Biddle, Stuart, et al. Physical Activity and Psychological Well-Being. Routledge, 2003.
Biddle, et al. (pp. 67) examines the importance of physical activity vis-a-vis mental health. He argues that both are inseparable. He poses the former leads to the latter. Therefore, people involved in regular physical activity have the highest potential to enhance their mental wellbeing as well. The article is critical in analyzing the impact of physical exercise on one's mental health, which shows that the entire human body is interconnected; therefore, exercising one part enhances the health of another.
Bronson, Charles, and Stephen Richards. Solitary Fitness. John Blake, 2007.
Physical fitness is key to a long life, as Bronson and Richards (pp. 98) argue. The authors assess the impact of one's physical activity on an individual level. They offer suggestions on how one may improve their performance in physical exercise alone. Their points are valid, in that one needs physical health to enhance their mental performance as well, which keeps conditions such as Alzheimer's diseases, associated with old age, at bay. The book is essential in analyzing the role of physical exercise to longevity and physical and mental health, which is the central point of the paper.
De Bruijn, A.G.M., et al. "Exploring the relations among physical fitness, executive functioning, and low academic achievement." Journal of Experimental Child Psychology, vol. 167, 2018, pp. 204-221.
De Bruijn et al. (pp. 206) poses that fitness does indeed affect academic performance, especially in regards to executive functioning. They conclude that fitness mainly affects academic performance among children in math and spelling. However, the ability to rehearse material verbally may reconcile physical aptitude and low achievement. The authors' conclusion that physical fitness may enhance mental fitness is a justified claim. Regular physical training can potentially boost psychological health. The article shall contribute to the thesis of the paper, which suggests that muscular training that is characteristic of physical fitness is vital to mental improvement as well.
LeMond, G., and M. Hom. "The Human Machine." The Science of Fitness, 2015, pp. 9-37, doi:10.1016/b978-0-12-801023-5.00002-8.
In the second chapter of this book, the author explores various organ systems that explain the vital role of cells in the human body. Processes such as digestion, blood sugar regulation, and fluid balance show the blood cell performing its function for the enhancement of the body. LeMond and Hom (pp. 25) conclude that the blood cell, as a constant in every human body part, is a beneficiary of physical fitness; and its effects are present in every body part. This piece is a positive contribution to the argument of this paper - physical fitness and mental fitness develop mutually.
Potkanowicz, Edward S. "The Role of Physical Activity in Cognitive Fitness: A General Guide for Community Programs." Enhancing Cognitive Fitness in Adults, 2011, pp. 239-248.
According to Potkanowicz (pp. 245), physical exercise is tied to motivation to push further beyond one's limits. It enhances long-term sticking to set rules and goals. The author takes a different route from the other studies described above. He shows the role of strengthening one's mental strength first, which should influence the performance of the physical body. Motivation is indeed a key factor in the achievement of one's exercise goals. Nonetheless, this piece shows the relationship between physical performance and mental health, which is evidence of a coexistence that cannot be separated.
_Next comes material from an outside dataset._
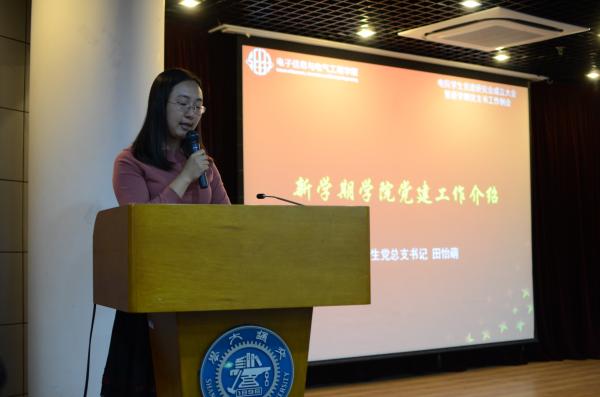 田怡萌首先对新学期电院党建工作规划进行了介绍。根据党中央推进“两学一做”学习教育常态化、制度化的工作要求,新学期电院将继续加强对基层党组织建设工作的支持力度。她指出,电院各学生党支部将遵循学校的相关工作指南,建立每月一次的主题党日制度并开展活动。随后,田怡萌介绍了电院学生党建组织的发展过程。如今的党建研究会是经过精心筹备,围绕学校和学院的党建工作的新要求进行更名重组,希望助力学院搭建多渠道、多层次、全方位的学习教育体系,营造浓厚的理论学习氛围,积极传递正能量,而不断进行新思考、新定位和新改变的结果。田怡萌勉励大家立足实际,使各项工作能更加接地气,做“顶天立地”的党建人。

Perez-Bey, Alejandro, et al. "The Role of Adiposity in the Association between Muscular Fitness and Cardiovascular Disease." The Journal of Pediatrics, 2018.
Perez-Bey et al. (pp. 213) argue that body mass index (BMI) is directly related to the risk of cardiovascular disease in both children and adolescents. Muscular fitness influences BMI, which means that increased fitness reduces the risk of CVD. As aforementioned by the other researchers, physical fitness is directly proportional to such fitness in other parts of the body. The article is critical because it shows that all parts of the body are pertinent to physical exercise, and benefit just as much from it.